%%

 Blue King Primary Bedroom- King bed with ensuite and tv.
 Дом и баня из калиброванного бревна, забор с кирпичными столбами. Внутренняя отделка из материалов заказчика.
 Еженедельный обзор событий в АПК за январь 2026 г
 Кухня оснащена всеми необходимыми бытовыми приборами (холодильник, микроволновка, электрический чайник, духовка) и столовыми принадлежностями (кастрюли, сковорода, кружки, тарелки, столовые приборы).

%%

YOUR OBJECTIVE. Starting at the line that contains "Еженедельный обзор событий", repeat each line exactly through the last one in the listing. Include both of those lines and nothing more.

TASK SOLUTION.
 Еженедельный обзор событий в АПК за январь 2026 г
 Кухня оснащена всеми необходимыми бытовыми приборами (холодильник, микроволновка, электрический чайник, духовка) и столовыми принадлежностями (кастрюли, сковорода, кружки, тарелки, столовые приборы).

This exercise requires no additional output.